The first thing you will ever hear in programming is that "a variable is a container." We use variables to store data. In JavaScript, we use var to denote a variable. Here is an example:

var playerName = "Jesse Freeman";

There are three basic types of "primitive" types:

  • Strings – this is text and is always put into quotes
  • Numbers – these are numbers and can be positive, negative, whole number, or fractions
  • Booleans – this is a true or false statement. Also, you can use the value 0 for false or 1 for true as well.

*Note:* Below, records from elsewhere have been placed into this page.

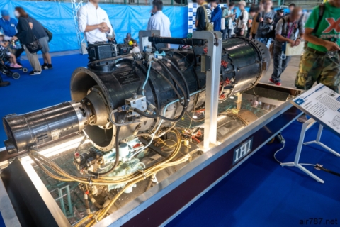 IHI のブースに展示された、日本初のジェットエンジン ネ20。
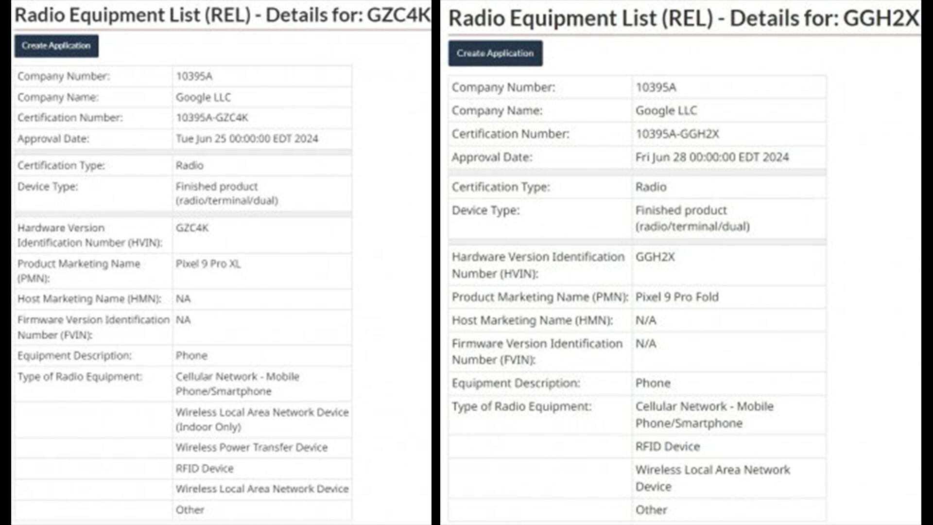 今回の情報によるとカナダのラジオ機器リスト(REL)において未発表のPixelが認証を通過していることが判明したとしています。上記の画像からも「Pixel 9 Pro XL」と「Pixel 9 Pro Fold」という名称を確認することが出来ます。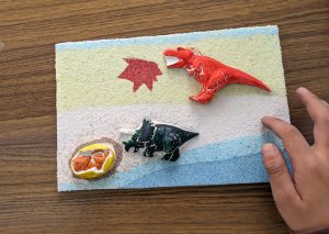 | 提供内容 | SDGs石炭を学び砂絵とミニ恐竜ジオラマづくり講座や、木の葉を使った「木葉切絵」や「恐竜トリックアートづくり」等の講座 |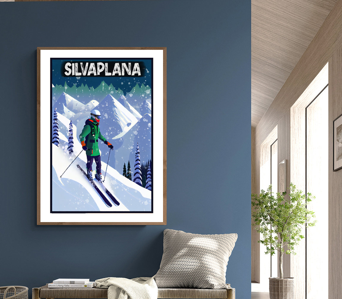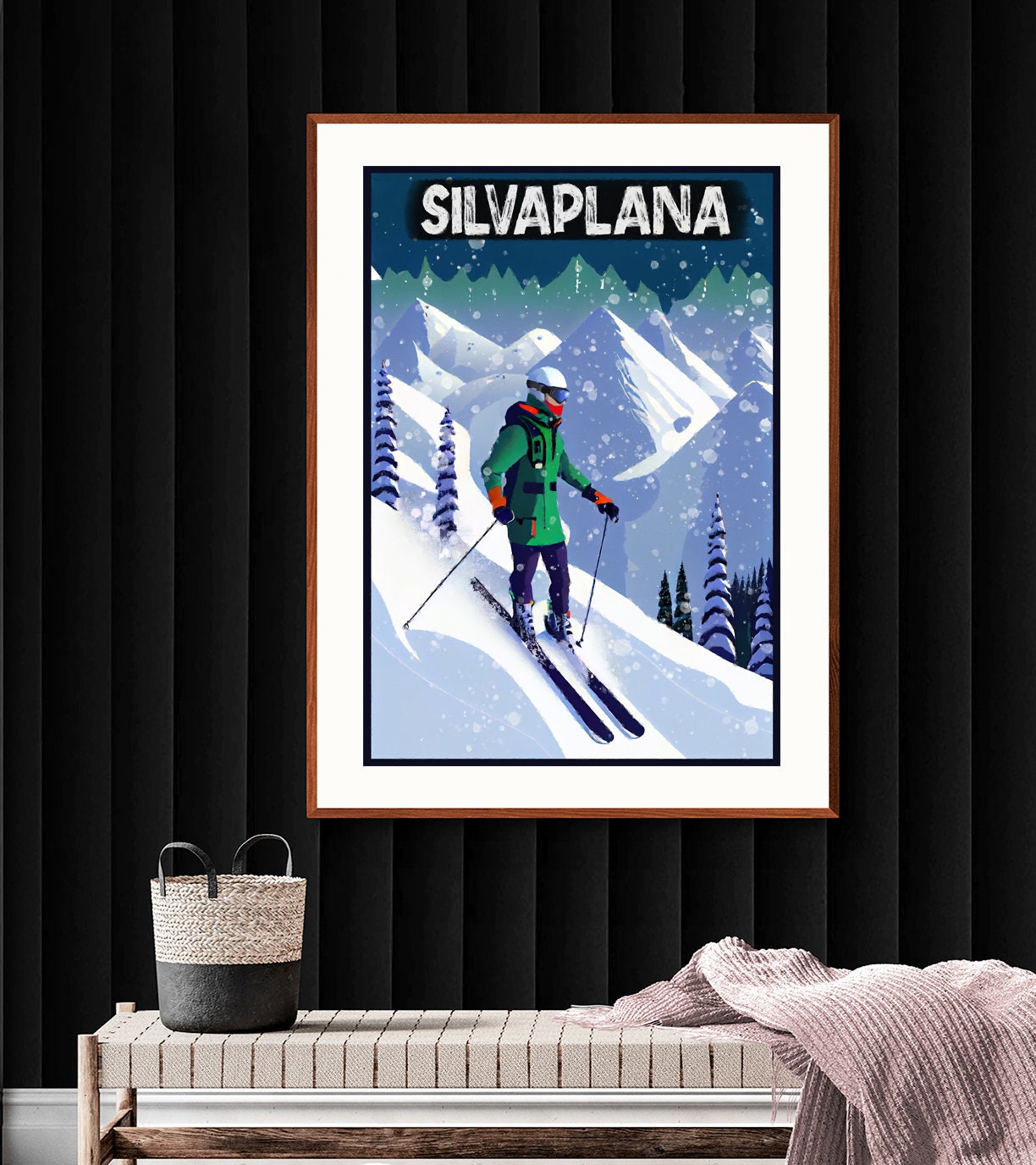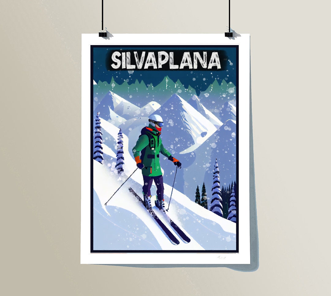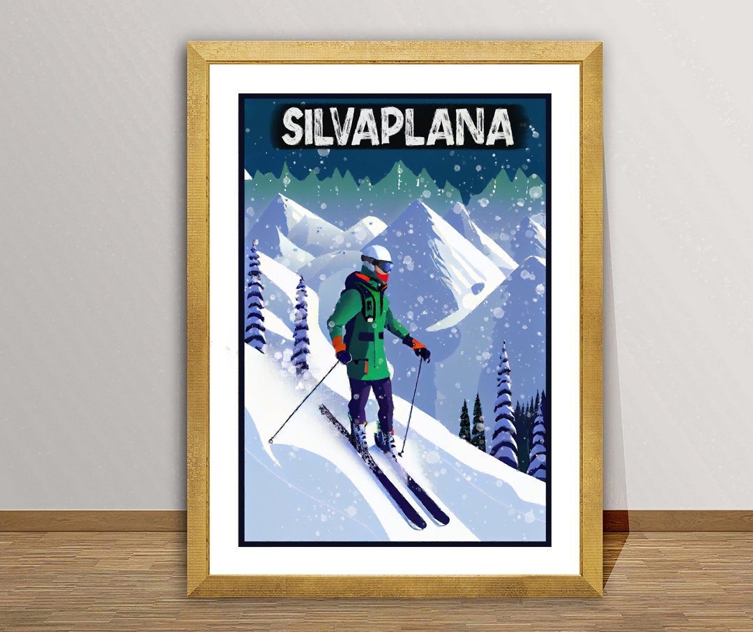 Silvaplana Suisse Vintage Ski Travel Poster - Swiss Alps Print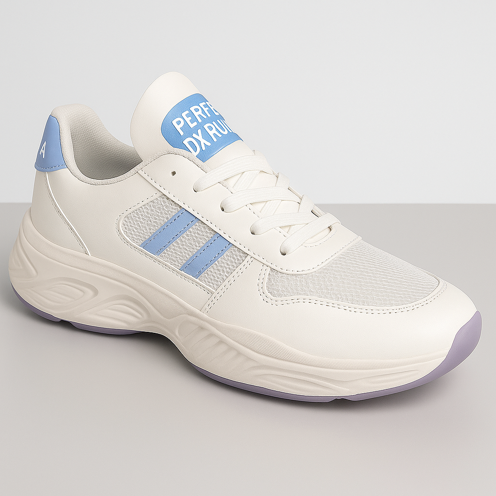 Made from premium synthetic leather and breathable mesh, these sneakers offer lightweight comfort and improved airflow for all-day wear. The soft blue stripe design adds a touch of cool, while the ergonomic sole ensures shock absorption and superior cushioning during walks, workouts, or travel.
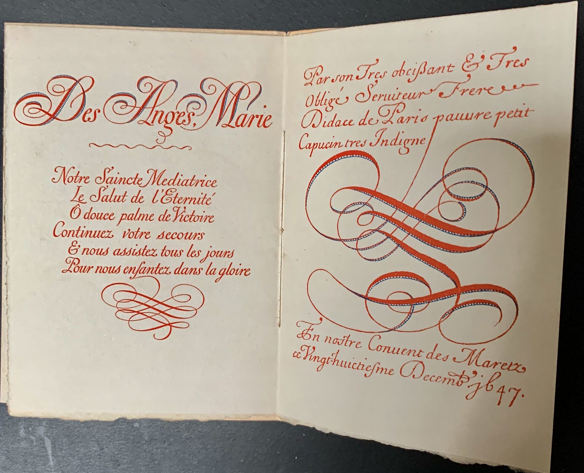 NP: Philip Hofer, 1947. Reprint. Wraps. Orig. decorated stitched red wrappers. Very good. Four unnumbered French leaved pages. 15.5 x 11 pages. Christmas greeting noting "These pages are reproduced, with one slight reconstruction, from a French calligrapher manuscript of Capuchin prayers which came into our possession this fateful year, 1942. Printed in two colors, red and gray.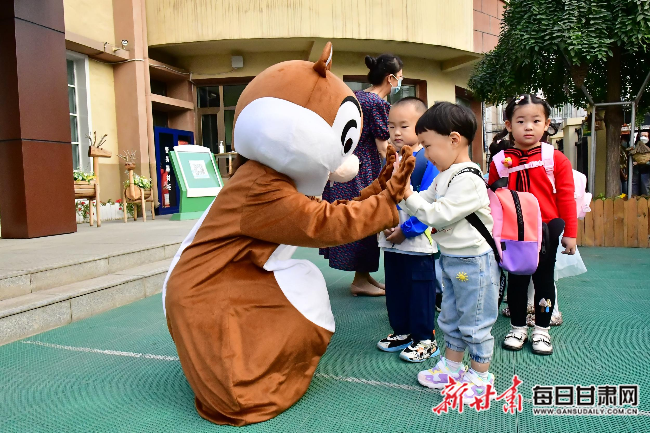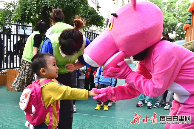 在和政路幼儿园门口,有两名老师打扮成可爱玩偶造型迎接小班小朋友们的到来。为了让第一次入园的小朋友们更快适应幼儿园生活,和政路幼儿园采用渐进式入园方式,小班小朋友们在园内时间由第一天一个小时逐渐过渡到一早上,让家长和孩子都能适应新的环境。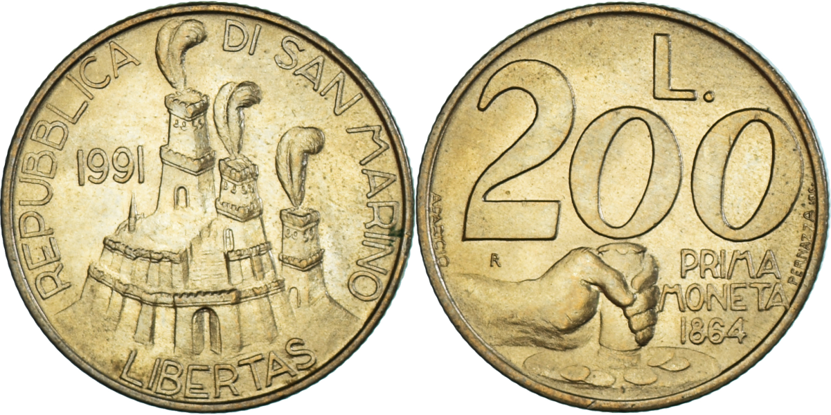 San Marino, 1991, 200 Lire, KM #268, First coin, Fine Condition.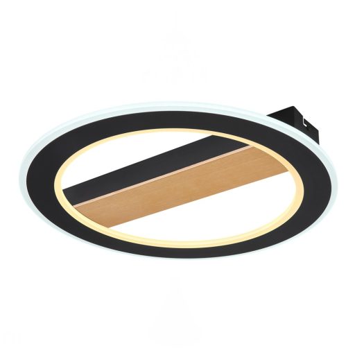 Matt fekete fém vázas, fa betétes mennyezeti lámpa acryl opál búrával, 30W beépített LED fényforrással. A lámpa peremén a LED hideg fehér színhőmérsékletű, a belső gyűrűn pedig meleg fehér színhőmérsékletű.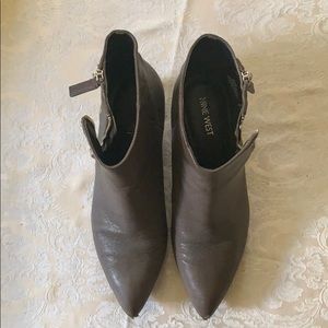 Super cute gray-brown ankle boots from Nine West. Size 8.5. Worn a handful of times. Minor scuffs on the toes from me tripping over my own feet 😂 (last photo)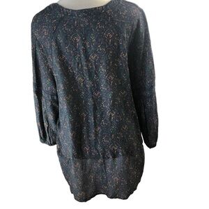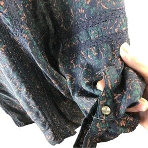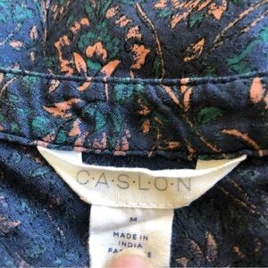 Caslon Popover Blouse Women M Navy Peach Green Botanical Print RoundNeck with V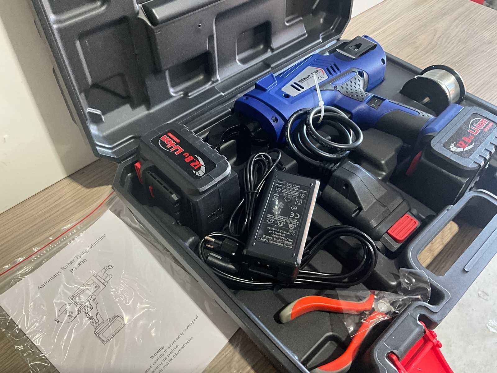 Ongebruikt nieuw in doos / koffer: Nominaal vermogen: 12,8 V Batterijtype: Lithium-ionbatterij Toepasselijk bereik van staalband: 8-34 mm Knoopdraadlengte: 300-500 mm Oplaadtijd batterij: 1,5 uur Batterijcapaciteit: 4400 mAh Batterijduur: 6 uur Gewicht: 3,5 kg Accessoires: batterij 2 stuks, oplader 1 stuks, ijzerdraadtang 1 stuks, draad spoel 1 stuks, inbussleutel 2 stuks, aansluitdraad 1 stuks; handleiding aanwezig Merk: Easy-Going Type: Automatic rebar Tying Bouwjaar: 2025 Model: BT-890 Kleur: Blauw / zwart Accu lader: true Materiaal: Kunststof metaal Met koffer: true Aantal accu's: 2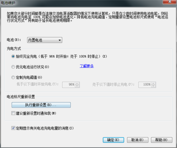 在“电池维护”选项卡中,“执行重新设置”按钮是对电池标尺重新设置,跟随软件相应的提示,经过几次确认后即可开始对电池进行电池容量重置过程。

The most common thing you would probably want to store in a game would be things like the player's name, their score, and whether the player is alive or not. Here are some examples:

//String
var playerName = "Jesse Freeman";

//Number
var score = 0;

//Boolean
var isAlive = true;

In addition to these three examples, you can store anything inside of a variable. JavaScript is a dynamic language which means you can start a variable as a string then change it to a number at any time. However, primitive types can only store one value at a time. To keep more data in a variable, we'll need to look at more complex data structures.

Arrays

Arrays are similar to variables, but they can contain more than one value. Think of arrays as lists. In games, we could use arrays to keep track of items in the player's inventory. Here is how you set up an empty array:

var inventory = [];

Likewise, you can also create an array with items inside of it like so:

var inventory = ["item0", "item1", "item2"];

In this example, we have 3 strings inside of the inventory array, but we could have numbers or booleans as well. To get the value of an array, we have to access its index. This is a unique ID related to the position of the item in the array. In JavaScript, arrays are zero-based, so the first item is always index 0. Here is an example of how we would get the value of the first item:

inventory[0];

As you can see, we reference the array itself and use brackets to supply the index we want to access. Arrays also have specific actions called functions, which we'll learn about later. These functions allow you to add and remove items from the array. For example, we can use push() to add a new item to the end of an array:

inventory.push("item4");

You can also get the total number of items in an array like this:

inventory.length;

Notice that length doesn't have parentheses at the end. That's because it's a property of an array. The array's length value is part of the array itself and will always return how many items are in it. If we looked at the length, it would return 4 since we added "item4" above. However, remember that if you wanted to use this to find out the last value of the Array, you would need to subtract 1 from it since the starting index is 0. Here is how you get the last item in the array:

inventory[inventory.length-1];

Arrays are incredibly versatile and are used to hold lots of different kinds of data structures. One of the most common is a table-like structure with rows and columns. This is the basic structure we would use for tilemaps. When we have an array with nested arrays for values, we call it a 2D Array. Here is an example:

var map = [
    [1,1,1,1,1],
    [1,0,0,0,1],
    [1,0,1,0,1],
    [1,0,0,0,1],
    [1,1,1,1,1]
];

This simple map example uses two tile values: 0 for empty and `1' for solid. If we were to visualize this map, it would be a square room with a solid block of right in the middle. Accessing the value of these tiles is similar to how we did with our inventory array. Let's say that we want to get the center wall in our room. Here is how we would access it:

map[2][2];

One way to understand how to access data in a 2D Array is to remember that the first index is the row and the second index is the column like this:

map[row][column];

Remember that arrays can contain any primitive type. So a nested array might not necessarily store numbers. They could also have strings or even booleans.

Variables and arrays are the cornerstones of programming, and once you get your head around how they work, you can begin building event more complex data structures.